Patient Consent Statement
The study protocol was approved by the University of Pennsylvania Institutional Review Board (IRB). The Philadelphia FIGHT IRB relied on the University of Pennsylvania IRB through a reliance agreement. Written informed consent was provided by all participants.
Study Participants
Patients with chronic HCV were eligible if they were ≥18 years of age, had detectable HCV RNA, and underwent liver fibrosis staging within the past 6 months. Human immunodeficiency virus (HIV) coinfection was allowed if the participant was on a stable antiretroviral therapy regimen for ≥4 weeks before enrollment with documented HIV RNA <200 copies/mL. Patients without HCV (controls) were eligible if they were ≥18 years of age and HCV and HIV uninfected. At both study visits, controls were confirmed to be HCV and HIV antibody-negative by OraSure's OraQuick assay.
Patients were excluded if conditions that might affect bone were present, including chronic kidney disease (estimated glomerular filtration rate <60 mL/minute/1.73 m2) []; cancer (excluding non-melanomatous skin malignancy); malabsorption (due to celiac disease, small bowel resection surgery, chronic diarrhea); weight loss >5% of body weight over the previous 3 months; or another chronic liver disease (ie, hepatitis B, hemochromatosis, alpha-1-antitrypsin, autoimmune hepatitis, sclerosing cholangitis, biliary cirrhosis, Wilson disease, metabolic dysfunction–associated steatotic liver disease). We also excluded patients who were pregnant (to avoid DXA radiation) or had prior bilateral lower leg fractures. Patients with chronic HCV were excluded if they had HCV genotype 3 infection (which promotes hepatic steatosis [] and low BMD []) or prior HCV therapy (which might affect BMD) [].
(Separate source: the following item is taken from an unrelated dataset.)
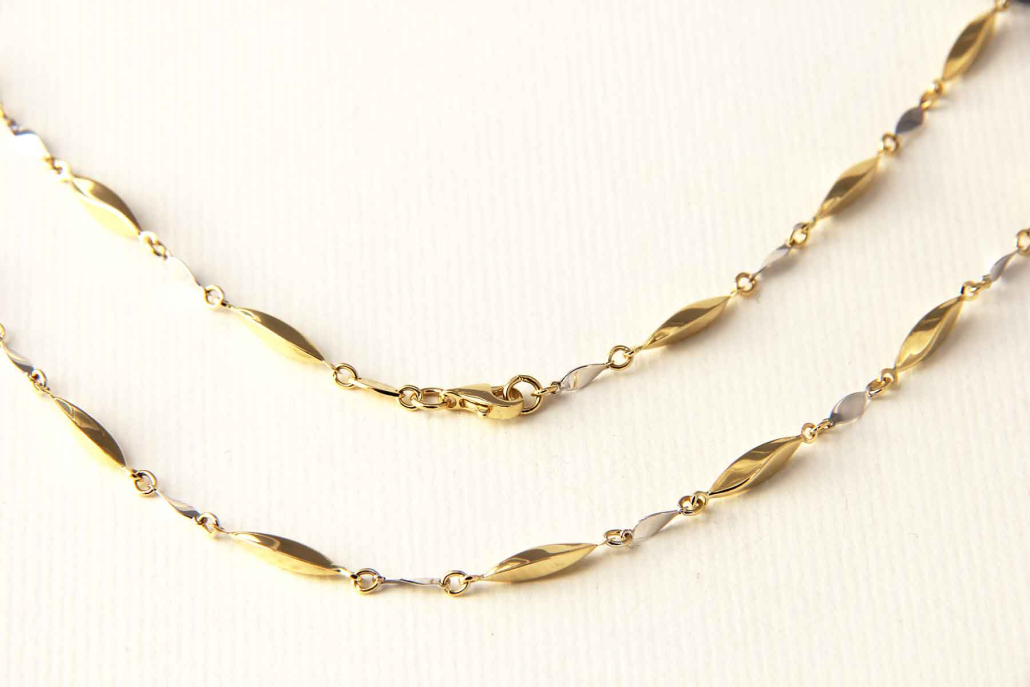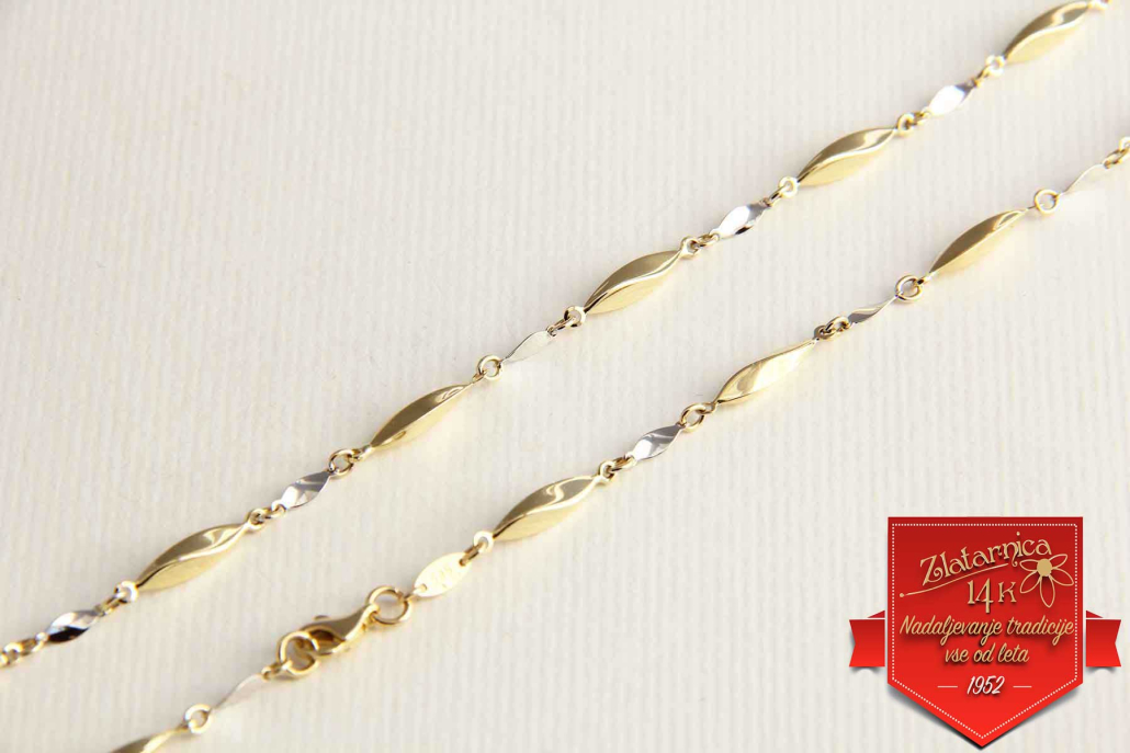 Ogrlica iz kombinacije rumenega in belega zlata.Sestavljena je iz rumenih vzdolžih, zavitih členov in belih manjših ploščic. Zapira se z varnostnim karabinerjem.

Assessment of Demographic, Clinical, and Anthropometric Data
Data collected at baseline included age; sex assigned at birth; race and ethnicity; current smoking; alcohol consumption in the past year determined by the 10-item Alcohol Use Disorders Identification Test []; drug use in the past year determined by the 10-item Drug Abuse Screening Test []; history of injection drug use; fracture history; calcium and vitamin D use; and, if applicable, postmenopausal status, defined by either: (1) absence of menstrual periods for >12 months in a previously menstruating individual >45 years of age while not on hormonal birth control, or (2) prior hysterectomy or bilateral oophorectomy.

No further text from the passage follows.